- Brief -
Set out exactly, line by line, the stretch of data below that begins at the line containing "Composite image of" and ends at the line containing "Limitations of this", with both ends kept.

- Input records -
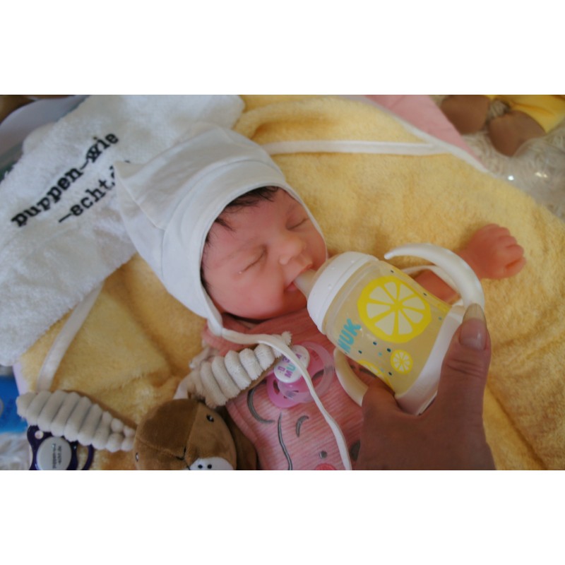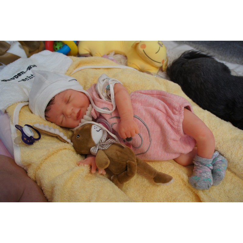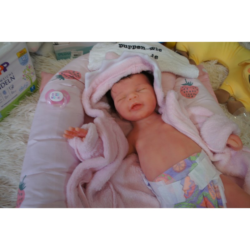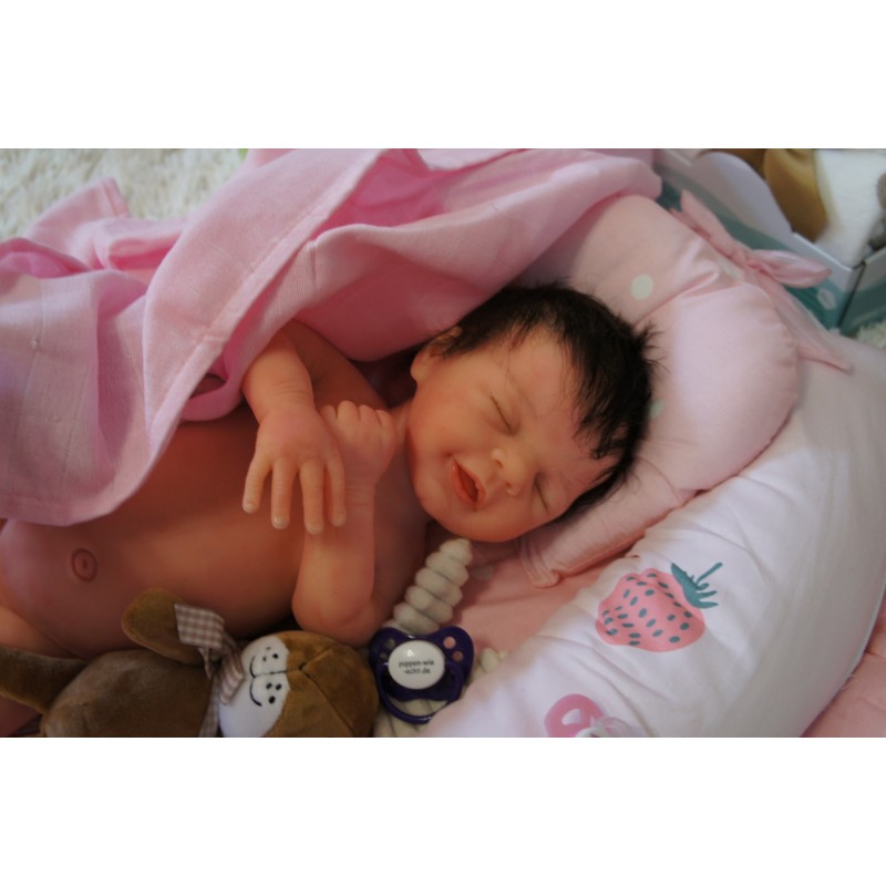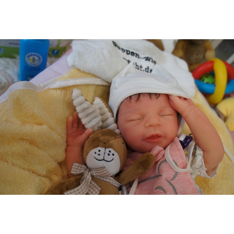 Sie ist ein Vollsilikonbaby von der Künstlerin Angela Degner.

* * *

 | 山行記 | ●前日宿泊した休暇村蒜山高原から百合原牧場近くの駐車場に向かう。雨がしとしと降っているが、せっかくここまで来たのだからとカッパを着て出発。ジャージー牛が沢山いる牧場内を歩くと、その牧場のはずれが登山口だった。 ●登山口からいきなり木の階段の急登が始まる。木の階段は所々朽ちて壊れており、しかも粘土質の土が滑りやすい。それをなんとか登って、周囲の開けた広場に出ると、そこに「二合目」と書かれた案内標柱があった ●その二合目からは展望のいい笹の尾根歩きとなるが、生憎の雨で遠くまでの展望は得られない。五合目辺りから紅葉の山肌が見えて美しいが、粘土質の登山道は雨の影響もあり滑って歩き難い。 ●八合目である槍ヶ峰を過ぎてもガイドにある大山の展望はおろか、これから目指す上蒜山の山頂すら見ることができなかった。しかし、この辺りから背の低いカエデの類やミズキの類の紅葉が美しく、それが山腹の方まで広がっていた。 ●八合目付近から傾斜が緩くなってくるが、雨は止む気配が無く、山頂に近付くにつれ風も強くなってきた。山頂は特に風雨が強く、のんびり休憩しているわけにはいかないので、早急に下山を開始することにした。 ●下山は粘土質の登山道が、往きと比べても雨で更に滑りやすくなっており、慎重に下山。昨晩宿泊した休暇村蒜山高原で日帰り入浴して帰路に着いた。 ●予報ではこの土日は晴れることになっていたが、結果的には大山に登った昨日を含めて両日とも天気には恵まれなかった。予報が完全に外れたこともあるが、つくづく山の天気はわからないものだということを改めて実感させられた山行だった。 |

* * *

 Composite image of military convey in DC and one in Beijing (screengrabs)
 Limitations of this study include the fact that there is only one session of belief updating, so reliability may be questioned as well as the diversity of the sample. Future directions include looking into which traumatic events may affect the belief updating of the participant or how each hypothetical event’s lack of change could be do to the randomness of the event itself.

- Solution for this problem -
 Composite image of military convey in DC and one in Beijing (screengrabs)
 Limitations of this study include the fact that there is only one session of belief updating, so reliability may be questioned as well as the diversity of the sample. Future directions include looking into which traumatic events may affect the belief updating of the participant or how each hypothetical event’s lack of change could be do to the randomness of the event itself.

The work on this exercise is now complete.